Cet accord, initialement prévu pour prendre fin le 26 janvier 2025 avec le retrait total des forces israéliennes, a été prolongé jusqu’au 18 février 2025. Cette extension, annoncée par la Maison-Blanche, est censée permettre des négociations sur des questions sensibles, notamment la libération des prisonniers libanais capturés après le 7 octobre 2023.

L’extension du cessez-le-feu : une nécessité sous haute tension

La décision d’étendre le cessez-le-feu de près d’un mois a été annoncée par les États-Unis, garants de l’accord aux côtés de l’ONU. Selon un communiqué de la Maison-Blanche, cette prolongation permettra au Liban, à Israël et aux États-Unis d’entamer des négociations sur des questions restées en suspens, notamment le sort des prisonniers libanais détenus par Israël.

Cette extension a pour but d’éviter une reprise des hostilités, alors que les violations du cessez-le-feu se multiplient. Les Nations unies, par l’intermédiaire de la Force intérimaire des Nations unies au Liban (FINUL), ont exprimé leur préoccupation face à l’incapacité des deux parties à respecter les délais prévus dans l’accord initial. La FINUL a rappelé que ces violations compromettent la sécurité et le retour des civils dans les villages frontaliers.

Retour des civils : un pari risqué

Le retour des populations dans les villages frontaliers du sud du Liban reste au cœur des préoccupations. Alors que le cessez-le-feu devait initialement permettre un retour sécurisé des déplacés, les tirs israéliens de dimanche montrent que les conditions pour un tel retour ne sont toujours pas réunies. Selon les Nations unies, la présence continue des troupes israéliennes et les tirs indiscriminés sur les civils entravent gravement le processus.
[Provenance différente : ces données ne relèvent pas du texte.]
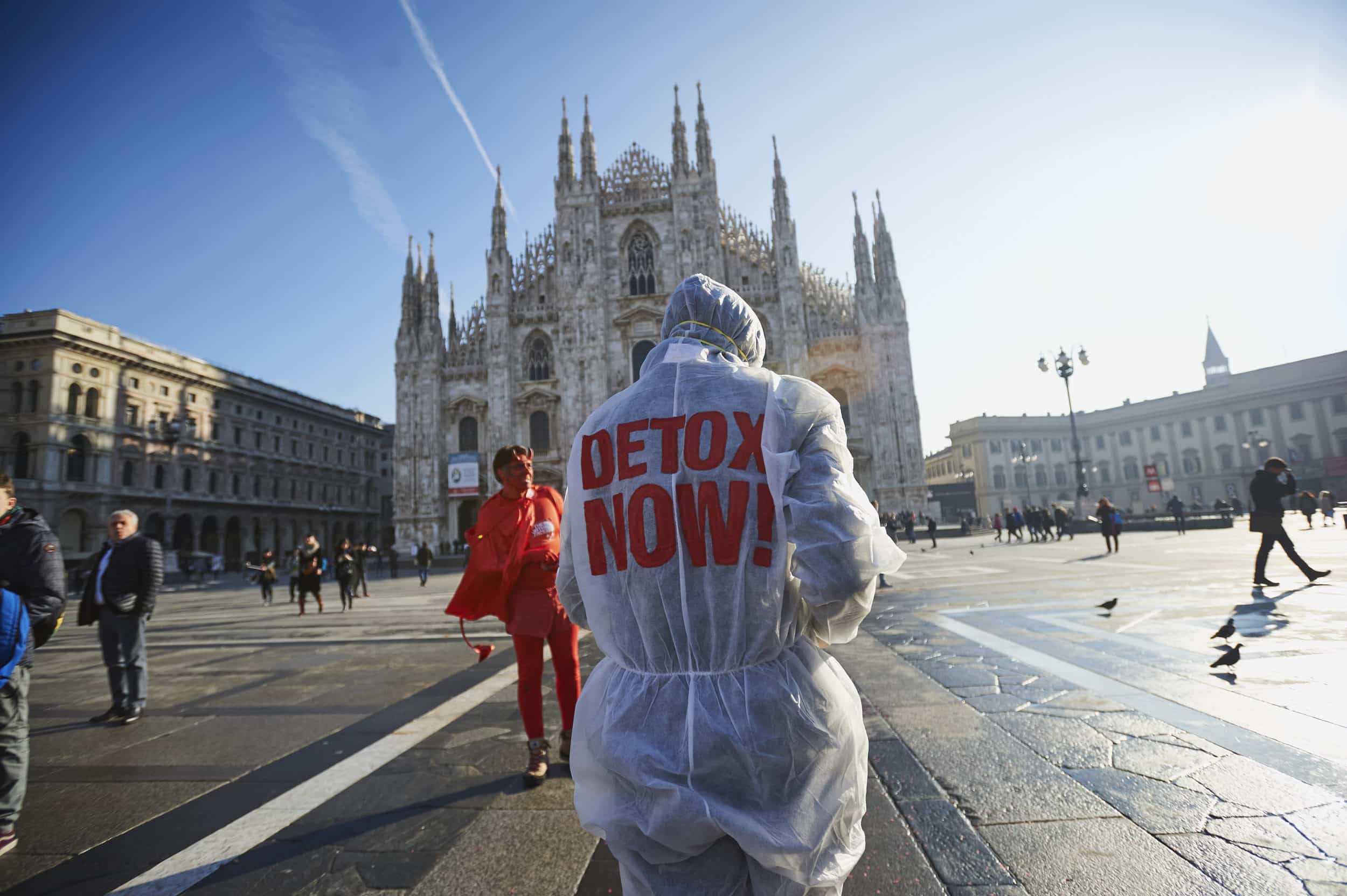 Mit bevorstehendem Frühling treten auch wieder alle möglichen Reinigungsaktionen und Entgiftungskuren auf den Plan. Dort setzt Greenpeace an: Mammut, North Face und Haglöfs — sie alle brauchen eine ordentliche Detox-Kur, denn die Chemie stimmt hier schon lange nicht mehr. 2015 hat Greenpeace in verschiedenen Naturgebieten weltweit Rückstände von PFC-Chemikalien (polyfluorierte Chemikalien) gefunden. Im Bild: Greenpeace-Aktivist vor dem Dom in Mailand. ©Alessandro Vona / Greenpeace
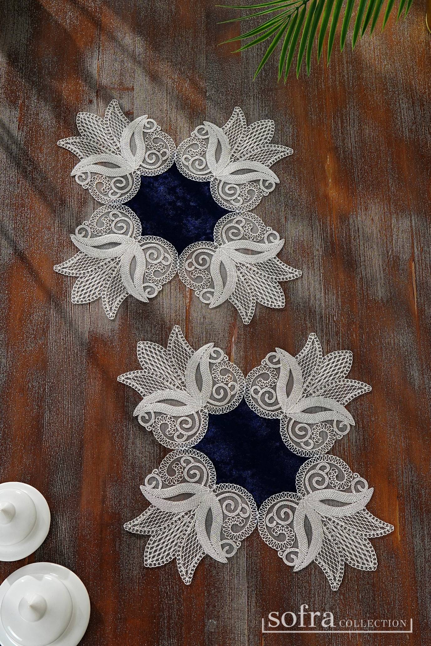طقم مفارش صالون قماش قطيفة مزين بالدانتيل ٥ قطع
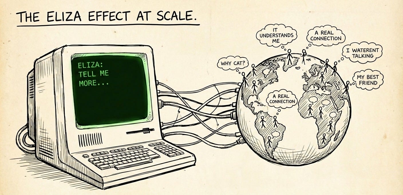 In 1966, the ELIZA effect was a curiosity affecting a handful of people in a university lab. In 2026, it’s affecting hundreds of millions of people daily.
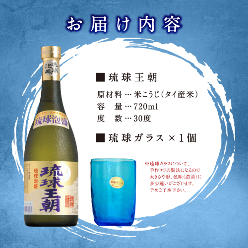 沖縄の地酒「泡盛」。沖縄の雰囲気をご自宅でも感じて頂けるよう琉球グラスを1個お付けしてお届けします。 泡盛をあまり飲みなれない方は、緑茶やブラックコーヒなどお好みに合わせて割って召し上がってください! オススメは、7:3でブラックコーヒーと泡盛で割ると美味しく頂けます!この機会に是非ご賞味ください。 琉球王朝 原材料:米こうじ(タイ産) 内容量:720ml 度数:30度 琉球ガラス×1個 ※琉球ガラスについて、手作りでの製法になるので大きさや形、色味(濃淡)に多少違いがございます。予めご了承下さい。 ※琉球ガラスの在庫状況で返礼品の発送が遅れる場合がございます。商品でき次第お送り致しますのでご理解宜しくお願い致します。 ※20歳未満の飲酒は法律で禁止されています。
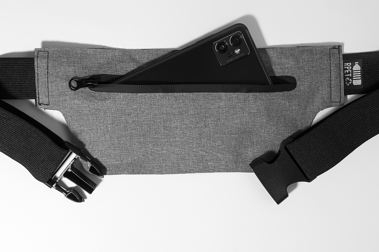 Schlanke Gürteltasche aus RPET mit Reißverschlussfach und verstellbarem Elastikband. Material: 300D RPET Polyester. Mit Label RPET.
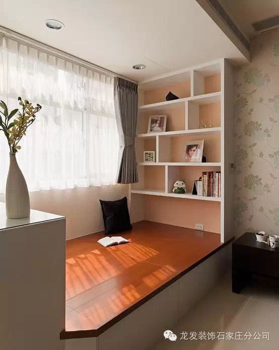 ▲阳台改造而成的榻榻米书房!冬日的午后捧上一本书,阳光从薄薄的窗纱透过,书香袅袅,温暖而惬意。
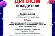 Поздравляем Хасанова Амира,обучающегося объединения "Юные кудесники" за победу в международном конкурсе творческих работ "Космическая мастерская-2020"
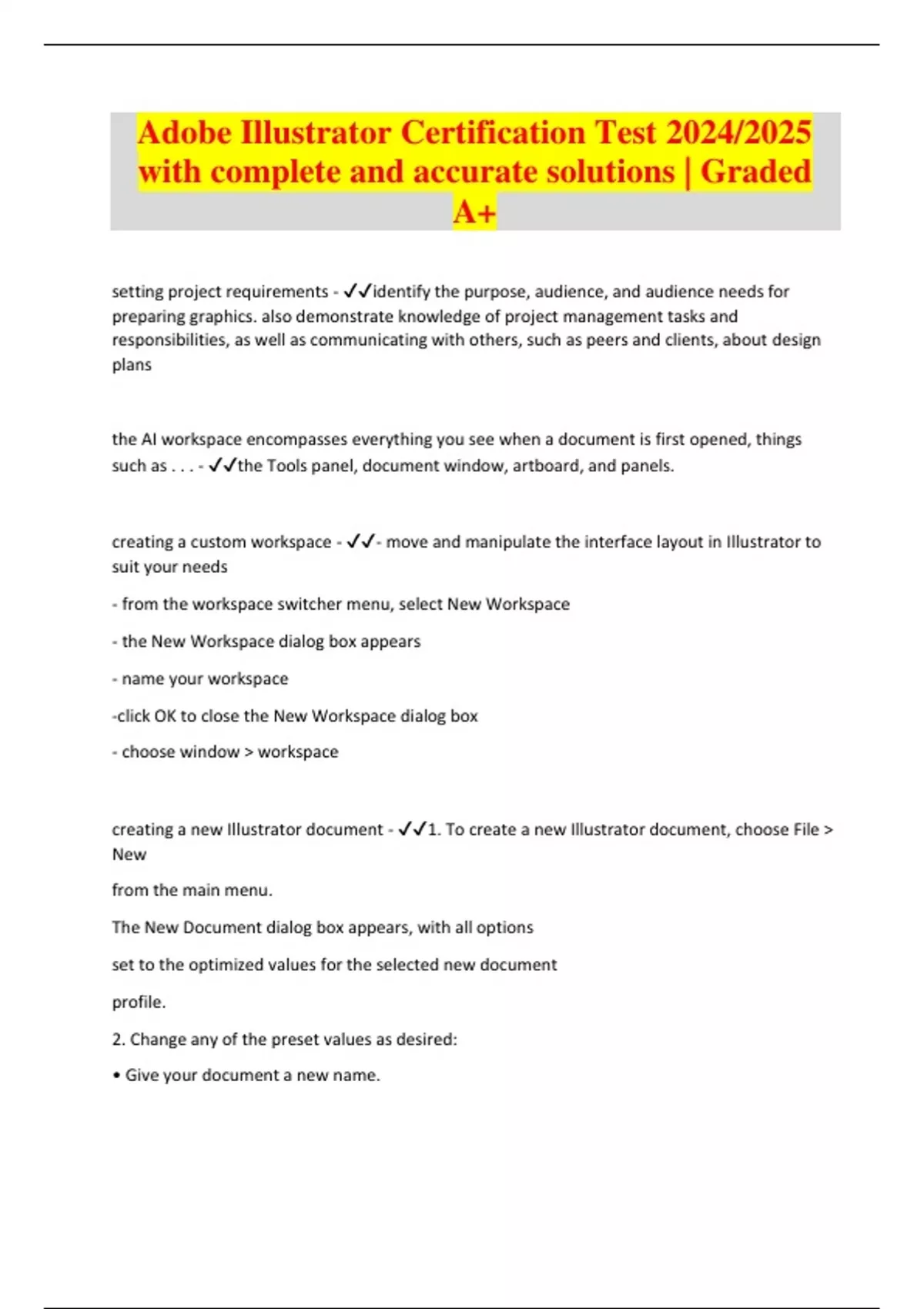 Adobe Illustrator Certification Test 2024/2025 with complete and accurate solutions | Graded A+

Des centaines de personnes tentent néanmoins de regagner leurs maisons, souvent dans des zones où la destruction et les dangers restent omniprésents. Les autorités libanaises, appuyées par la FINUL, ont appelé les habitants à suivre les consignes des forces armées libanaises pour garantir leur sécurité.

La réponse internationale : pressions et diplomatie

Face à la montée des tensions, la communauté internationale a intensifié ses efforts pour préserver le cessez-le-feu. Le président français Emmanuel Macron, également impliqué dans la médiation, a exhorté Israël à respecter ses engagements, notamment le retrait de ses troupes des zones occupées. Il a également insisté sur l’urgence de mettre fin aux violations répétées des termes de l’accord.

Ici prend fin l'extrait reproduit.